An exact copy of the data is required; the images should not appear in it.

[Source material]

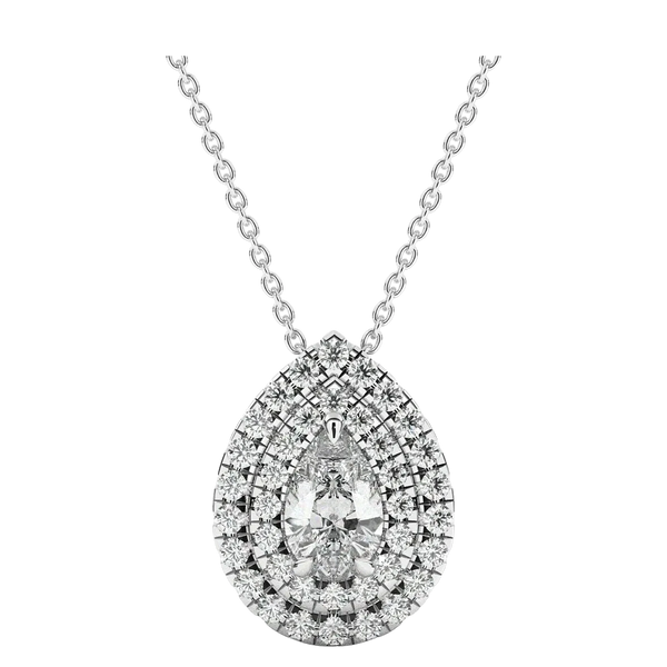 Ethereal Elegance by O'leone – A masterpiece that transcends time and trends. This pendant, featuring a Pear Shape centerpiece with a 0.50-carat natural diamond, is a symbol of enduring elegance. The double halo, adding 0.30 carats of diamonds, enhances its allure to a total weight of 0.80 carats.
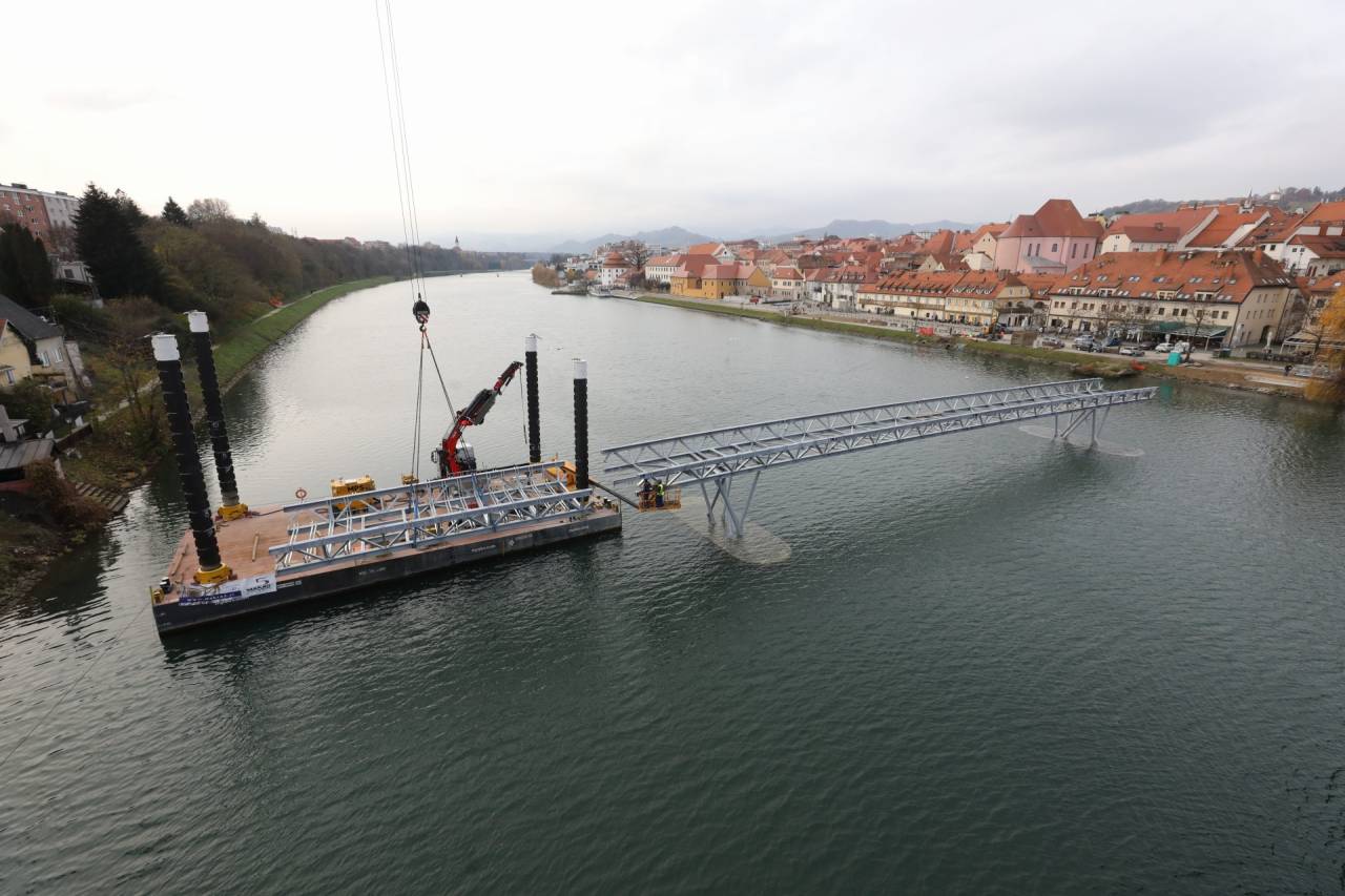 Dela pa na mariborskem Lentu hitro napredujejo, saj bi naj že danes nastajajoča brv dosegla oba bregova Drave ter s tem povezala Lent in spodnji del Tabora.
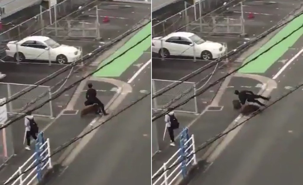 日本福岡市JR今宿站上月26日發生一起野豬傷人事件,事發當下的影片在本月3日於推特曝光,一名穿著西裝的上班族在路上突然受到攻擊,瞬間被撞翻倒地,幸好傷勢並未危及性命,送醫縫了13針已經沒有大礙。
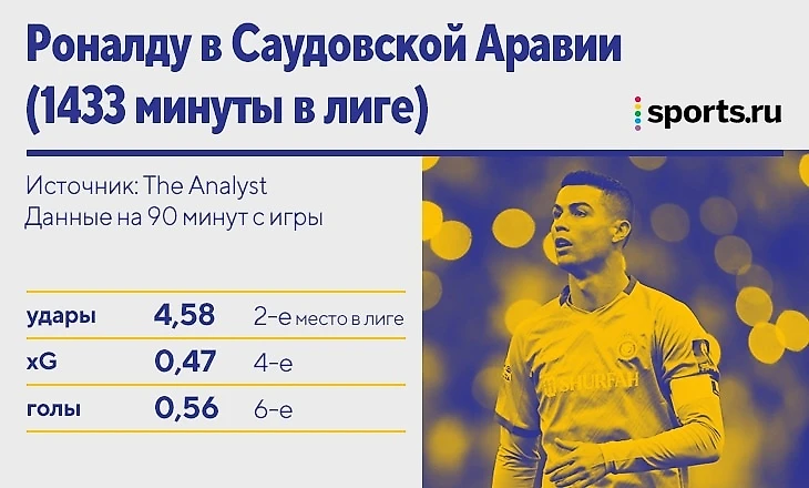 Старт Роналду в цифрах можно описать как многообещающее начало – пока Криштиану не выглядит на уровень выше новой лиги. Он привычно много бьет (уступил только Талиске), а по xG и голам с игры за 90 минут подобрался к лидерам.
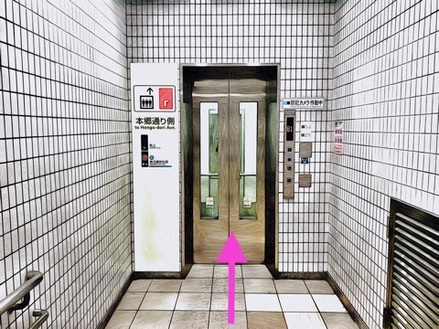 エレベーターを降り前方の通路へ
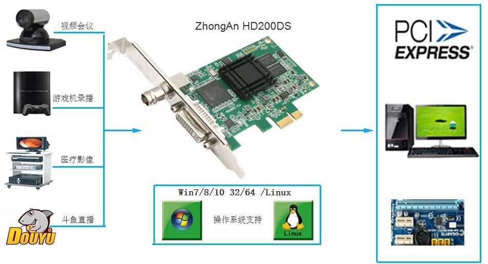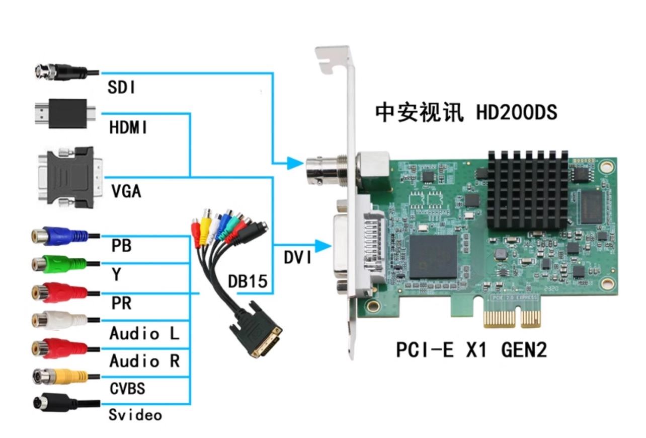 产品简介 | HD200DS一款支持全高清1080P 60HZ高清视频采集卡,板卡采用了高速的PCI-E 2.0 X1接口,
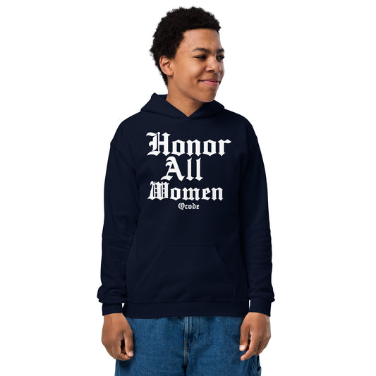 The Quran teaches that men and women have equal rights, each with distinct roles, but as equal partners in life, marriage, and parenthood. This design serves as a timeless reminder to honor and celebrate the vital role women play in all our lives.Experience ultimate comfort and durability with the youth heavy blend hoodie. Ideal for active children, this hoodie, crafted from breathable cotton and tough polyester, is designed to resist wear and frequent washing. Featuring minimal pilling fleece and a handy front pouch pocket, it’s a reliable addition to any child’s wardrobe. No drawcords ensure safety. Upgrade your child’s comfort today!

[/Source material]

• [Answer to the exercise]:
 Ethereal Elegance by O'leone – A masterpiece that transcends time and trends. This pendant, featuring a Pear Shape centerpiece with a 0.50-carat natural diamond, is a symbol of enduring elegance. The double halo, adding 0.30 carats of diamonds, enhances its allure to a total weight of 0.80 carats.
 Dela pa na mariborskem Lentu hitro napredujejo, saj bi naj že danes nastajajoča brv dosegla oba bregova Drave ter s tem povezala Lent in spodnji del Tabora.
 日本福岡市JR今宿站上月26日發生一起野豬傷人事件,事發當下的影片在本月3日於推特曝光,一名穿著西裝的上班族在路上突然受到攻擊,瞬間被撞翻倒地,幸好傷勢並未危及性命,送醫縫了13針已經沒有大礙。
 Старт Роналду в цифрах можно описать как многообещающее начало – пока Криштиану не выглядит на уровень выше новой лиги. Он привычно много бьет (уступил только Талиске), а по xG и голам с игры за 90 минут подобрался к лидерам.
 エレベーターを降り前方の通路へ
 产品简介 | HD200DS一款支持全高清1080P 60HZ高清视频采集卡,板卡采用了高速的PCI-E 2.0 X1接口,
 The Quran teaches that men and women have equal rights, each with distinct roles, but as equal partners in life, marriage, and parenthood. This design serves as a timeless reminder to honor and celebrate the vital role women play in all our lives.Experience ultimate comfort and durability with the youth heavy blend hoodie. Ideal for active children, this hoodie, crafted from breathable cotton and tough polyester, is designed to resist wear and frequent washing. Featuring minimal pilling fleece and a handy front pouch pocket, it’s a reliable addition to any child’s wardrobe. No drawcords ensure safety. Upgrade your child’s comfort today!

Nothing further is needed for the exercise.